The authors formalize four reasoning families that underlie clinical judgment, including causal attribution, compositional grounding, epistemic verification, and risk state abstraction, and pair every example with a targeted Ground Knowledge and Meta Level Reasoning Verification (GKMRV) probe.
These GKMRV probes measure whether a model holds the relevant facts and whether it can recognize correct or incorrect applications of those facts, separate from the main entailment decision.
The result is a clean way to isolate reasoning failures from knowledge gaps, an issue often blurred in scaling narratives and benchmark leaderboards (Kaplan et al., 2020); (Hoffmann et al., 2022).
Key takeaways
- Across four clinical inference tasks, models achieve near ceiling accuracy on GKMRV but low accuracy on the main NLI tasks, on average about 0.25.
- Errors are highly consistent across samples, indicating systematic heuristic shortcuts rather than random noise.
- Compositional grounding nearly collapses (about 0.04 accuracy on average) despite strong GKMRV, suggesting failures to integrate joint constraints.
- Chain of thought provides small and heterogeneous gains, often increasing verbosity without fixing the reasoning defect.
- The framework clarifies that models frequently know the clinical rule but do not know when or how to use it, highlighting architectural limits.
How the benchmark works
The benchmark, Clinical Trial Natural Language Inference (CTNLI), formalizes four reasoning families with parametric templates and formal semantics.
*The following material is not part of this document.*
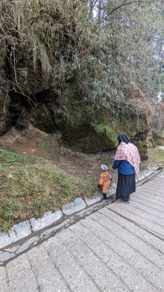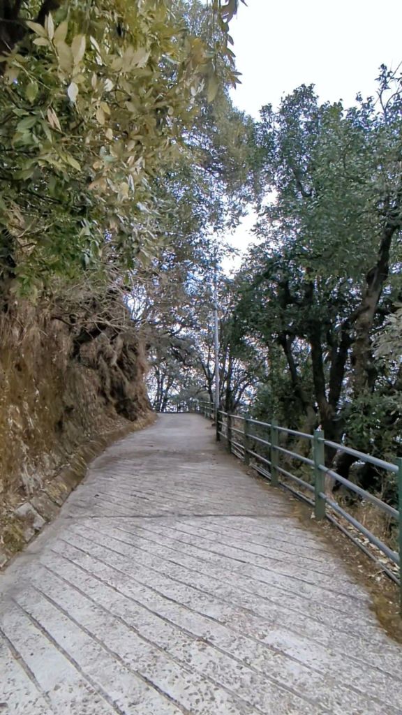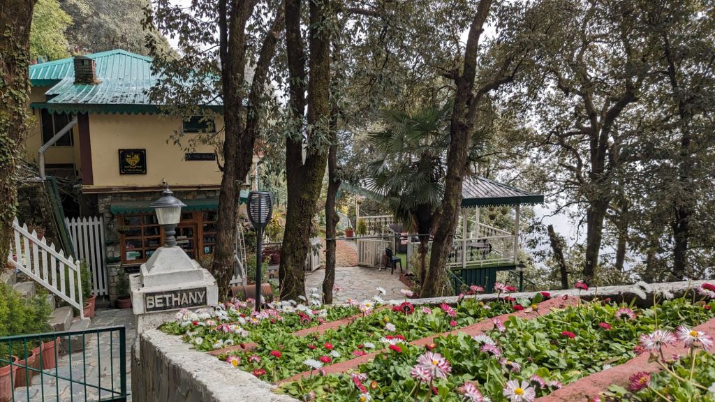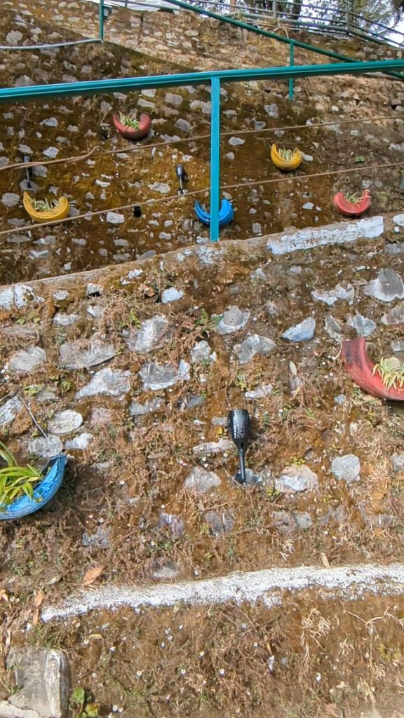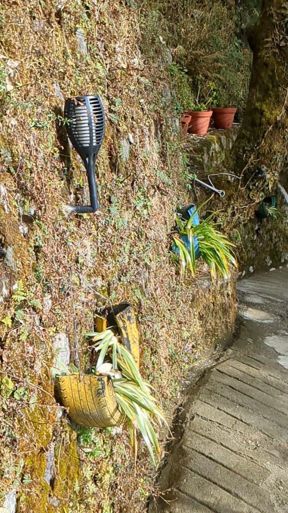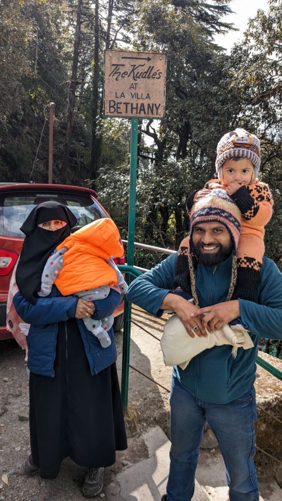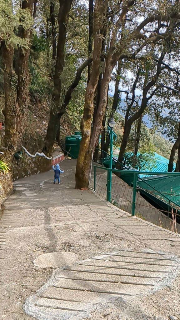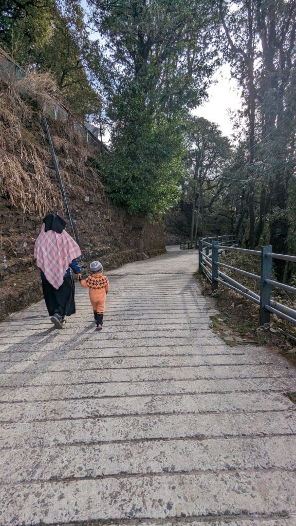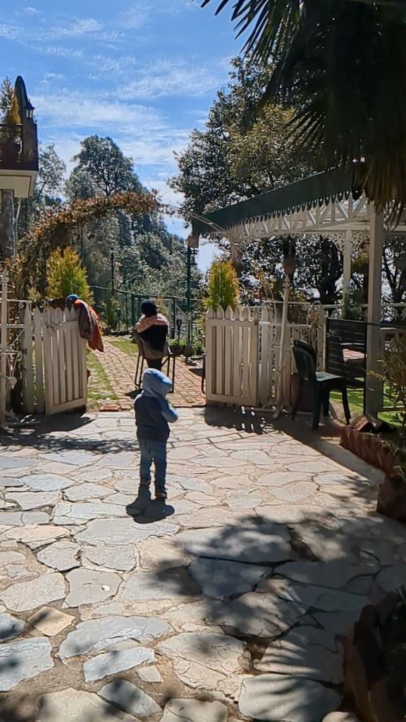 As we stepped down from the car, the chilly mountain air enveloped us and we quickly opened our luggage to wrap ourselves and our children in woolens. We were standing at this nameplate saying ‘ The Kudle’s, La Villa Bethany’, the stairs were going down from the road followed by a sloppy path till the entrance gate. Without waiting for anyone, Almeer started walking down the slope which made him almost run with his little feet, and we had to follow him. It took no or little effort to roll the trolley down while I carried the backpack. We were greeted by the tantalizing aroma of pine and Deodar trees, and Almeer, wide-eyed with wonder, took in the sights and sounds of his new surroundings, his laughter echoing through the crisp mountain air. It took us 10 minutes to walk this short distance as it was a beautiful path decorated with flower plants in recycled tires and bottles fixed on the stone wall and We tried to immerse ourselves in natural scenery with clouds passing by the tall trees around.

For each main item the authors also construct two GKMRV probes: one that reflects correct application of the necessary knowledge and one that is a control with misapplied or incorrect knowledge. This design decouples possession of facts from inferential deployment.
The tasks are:
Causal attribution asks whether observed outcomes in a study justify a causal claim. Single arm outcomes, for example, should not license causal conclusions without counterfactual comparison. The GKMRV probe checks if the model knows that a missing comparator invalidates causal claims, a standard do-calculus intuition.
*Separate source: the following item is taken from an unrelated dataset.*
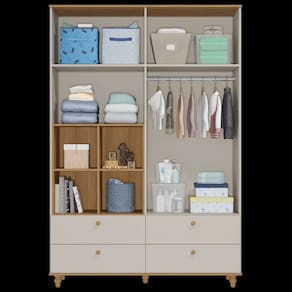 Seguindo o estilo lúdico, esse roupeiro é perfeito para quem deseja um móvel para organizar e, também, decorar. O detalhe fica por conta dos nichos laterais e as portas em formato casinha. Os puxadores e pés são torneados em madeira maciça e conferem um charme especial ao produto. Possui 4 gavetas grandes com corrediças telescópicas que proporcionam deslizamento suave, maior abertura e melhor acesso às roupas. Os nichos laterais podem ser utilizados para objetos decorativos, cestos para organização de brinquedos, livros e etc. Os espaços internos de prateleiras e maleiros são ideais para guardar desde objetos menores até objetos maiores como malas, pacotes de fraldas e caixas ou cestos de organização. Fabricado com matéria-prima 100% MDF, um material ecologicamente correto e de ótima durabilidade e resistência, esse roupeiro é excelente para quem precisa de bastante espaço para organizar tudo com muito carinho. O acabamento de pintura é feito com tinta e verniz UV atóxicos.

Compositional grounding requires reasoning over joint configurations (drug, dose, schedule, diagnosis, patient factors). Validity hinges on whether the full tuple is medically licensed under domain constraints. The GKMRV asks whether a configuration violates safety or protocol rules, independent of any predicted benefit.
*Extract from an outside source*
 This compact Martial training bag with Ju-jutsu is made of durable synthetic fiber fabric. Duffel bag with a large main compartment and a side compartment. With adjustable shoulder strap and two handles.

Epistemic verification explicitly treats premises as reported assertions with sources (clinician, patient, record) rather than omniscient truth. The model must weigh evidential plausibility and resolve conflicting commitments, relating to classical frameworks for reasoning about knowledge and agent beliefs.
Risk state abstraction integrates probability and harm. A rarer but severe event can pose higher patient risk than a common minor event. The GKMRV probes whether models can articulate why high severity can dominate risk assessments even at lower frequency.
Six contemporary systems are evaluated with direct prompting and chain of thought: OpenAI o3, GPT-4o and GPT-4o mini, Gemini 2.5 Pro, DeepSeek R1, and LLaMA 3.2 3B.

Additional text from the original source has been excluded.